Maybe I should have seen it that way too, but I didn’t. Not when I’d woke in his bed broken. He’d taken advantage of me and now every single person in that room was nodding like it was allowed, like it was acceptable.
I shrugged his hand off my shoulder, not wanting to make him feel as though I’d ever accept it again. I’d already avoided the Blacks for weeks after that night. I’d kept the situation to myself. I’d made up a whole damn plan to run away with my baby.
Maybe they’d make a movie about me—young mother escapes the confines of her hellish family and raises a perfect baby on her own.
That was until the miscarriage started.
My father went to his cabinet for whiskey. When he turned to Rafe and his family, he held up the decanter, “Who needs a drink?”
Their mother immediately declined, but Mr. Black was quick to take my father up on the offer. “Seems our children have caused quite a stir tonight.” Not my father. Us. Somehow, we were to blame. “Guessing it means we need to rush a wedding along?”
“What?” Rafe recoiled as his father’s words sank in. Then he looked at me in bewilderment, “Are you pregnant?”
I lifted my chin, not answering him. That’s right, asshole.
Play dumb games, win dumb prizes. For instance, leaving me to clean up the mess of you screwing me while I was blackout drunk should result in you getting a kid and a permanent reminder that his actions had repercussions.
Having you sweat was the least of what justice should have served you.
“She was … with your child. She miscarried last week,” my father ground out.
My father's words were blunt—too blunt—and they hit me like a dagger, twisting deeper with every syllable.
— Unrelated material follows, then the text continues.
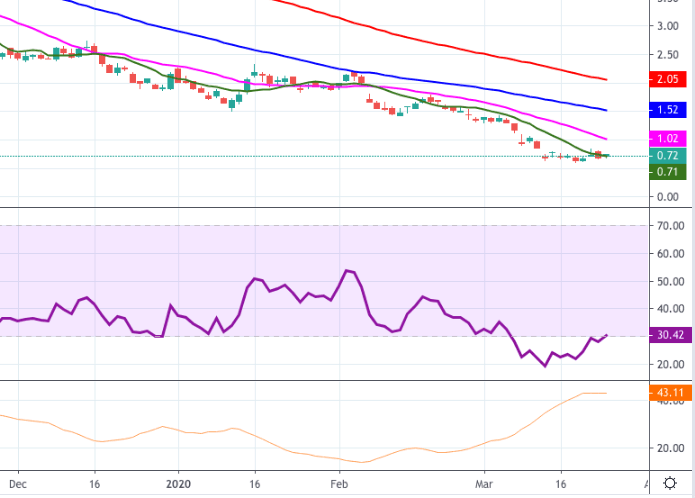 At the moment (pre-market), the stock is losing 0.14% at 0.716 and a breach of 0.60 (2020 low mar.19) would open the door to 0.34 (monthly low Aug.2016) and finally 0.32 (monthly low Jul.2016). On the flip side, the next hurdle is located at 0.81 (high Mar.23) seconded by 0.84 (weekly high Mar.20) and then 1.06 (21-day SMA).

I barely registered the murmur of surprise from Rafe, whose face flickered with something unreadable for just a second.
My father, though, showed no remorse, not even the faintest trace of empathy for me.
He stood there, staring at Rafe, as if the miscarriage were merely an inconvenient business deal gone wrong.
The silence that followed felt suffocating, as if the very air had been sucked from the room. Could we go? I wanted to escape to my room and mourn the loss of my dignity and the imaginary relationship I’d concocted in my head with Bane.
Rafe’s father frowned before he leaned over to say something to his son, his gaze lingering on me for just a moment—flickering with something that almost felt like pity, though I knew it wasn’t meant for me.
It was the kind of pity you reserve for someone who’s lost their value, someone who had been discarded after fulfilling their purpose.
And when Rafe took a deep breath and glanced at me with a look of remorse, I knew what was about to happen. I was going to be tossed aside. "We’ll have to reconsider a union if she can’t conceive,” Mr. Black told us. “My firstborn son deserves an heir.”
“We can see what happens, Dad,” Rafe softly objected.
“See what happens?” I narrowed my eyes at him.
“Give your body time to heal. It’s a loss to all of us, obviously. And it wasn’t something we’d planned for this early on.”
“This early on?” I echoed again.
“In five years maybe, Bianca.” He rolled his eyes. “I’m not ready to settle down. And it seems you aren’t either. Take some time. We’ll get to the wedding soon enough.” He winked at me like this was so fucking easy.
The words echoed in my mind and my breath caught in my throat. For a moment, I thought I might faint right there on the floor. It was a mixture of relief and pain. He was proposing a five-year plan of no marriage, of giving me my freedom at least for a little time.
But it was on a leash. It came with strings attached.